Expected though it may be, however, the toll on the wounded individual is grave and disorienting indeed, and this leads me to the question I think the aforementioned passage from the Song of Solomon can help us think about: I After such deep wounding, can we ever fall in love again, that is, into something that is more than intellect and assent of the will? Can we know the intimacy of Christ on this side of heaven? Or are we stuck in wariness and confusion till the present age passes? To be clear, my question is not whether those so hurt can be Christians and part of the church – of course they can. My question is rather whether they will be allowed in this world to feel again. I don’t have an answer, and indeed, the answer probably varies depending on the individual in question and the depth of wounding.
What I do suggest though is that this passage in the Song offers an example of recovery in such an instance. And there are a few aspects of this recovery I think we can learn from. One thing that we can notice is that the initiation of healing is on the side of the beloved herself, but it is also very brief and inadequate. She knows enough of her woundedness to be able to identify herself as sick of love, but is able to say little more. And this is where it is the business of fellow Christians to step in, figured here as the daughters of Jerusalem.

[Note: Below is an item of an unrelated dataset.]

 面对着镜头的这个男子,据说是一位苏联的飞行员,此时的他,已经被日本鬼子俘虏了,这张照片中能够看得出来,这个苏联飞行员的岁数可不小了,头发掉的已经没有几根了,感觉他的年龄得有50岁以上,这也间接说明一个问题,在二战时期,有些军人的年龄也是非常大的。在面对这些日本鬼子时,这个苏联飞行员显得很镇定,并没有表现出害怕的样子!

It is their job – and therefore ours – to respond to an inarticulate cry of pain and take up the burden of negotiating that pain. The beloved herself is too wounded in too intimate a place to be able to do this, and so the rest of the church takes up this burden for her. And the nature of this burden is to help the beloved see her lover again, to help her, if we might recall the Lacanian phrase to its Augustinian roots, never give up on her desire. She is catechised concerning the beauty of the lover, and presumably this allows her, at least partially, to recall and re-experience her love for Him. When the beatific vision of the lover is eclipsed for the beloved – that is, for the Christian – by fear, it is the rest of the church’s job to recall to her His image which will in turn recall her to adoration.

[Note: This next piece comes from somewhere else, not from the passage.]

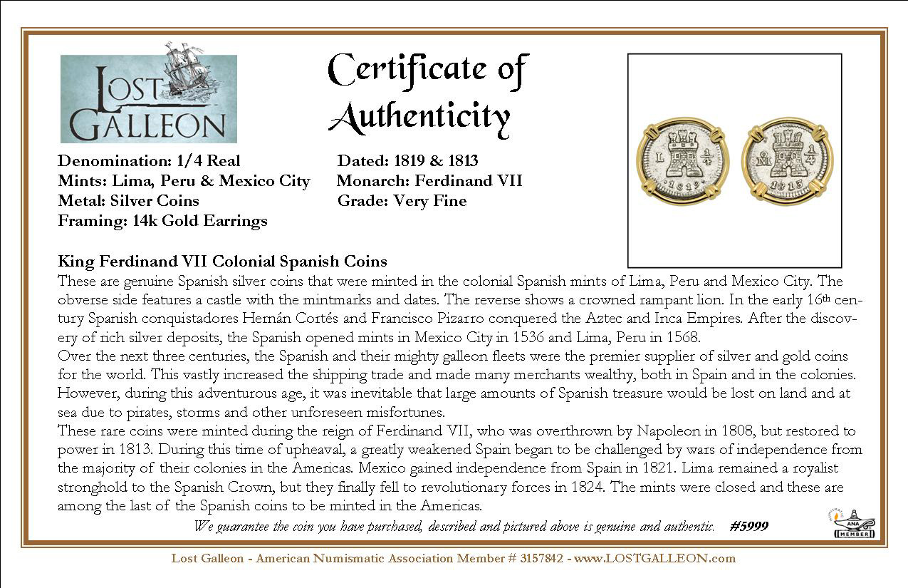 These rare coins were minted during the reign of Ferdinand VII, who was overthrown by Napoleon in 1808, but restored to power in 1813. During this time of upheaval, a greatly weakened Spain began to be challenged by wars of independence from the majority of their colonies in the Americas. Mexico gained independence from Spain in 1821. Lima remained a royalist stronghold to the Spanish Crown, but they finally fell to revolutionary forces in 1824. The mints were closed and these are among the last of the Spanish coins to be minted in the Americas.

This will probably not be exactly the same kind of love as before – love raised to life after shame differs from its former form, even as the resurrected body of Christ differs from His former body. But it does suggest there may be hope for those of us blundering about in the dark after all the candles have been snuffed in the Cathedral. We for our part can do what we can do – produce a feeble and confused cry of pain – and we can only hope that there are those in the church who will respond to that incoherence and love us back to life. For it would seem to be God’s purpose that wounds that can only be opened in the intimacy of the church can also only be mended in that same intimacy by those willing to hear the intention rather than the matter of a cry of pain that is also a prayer.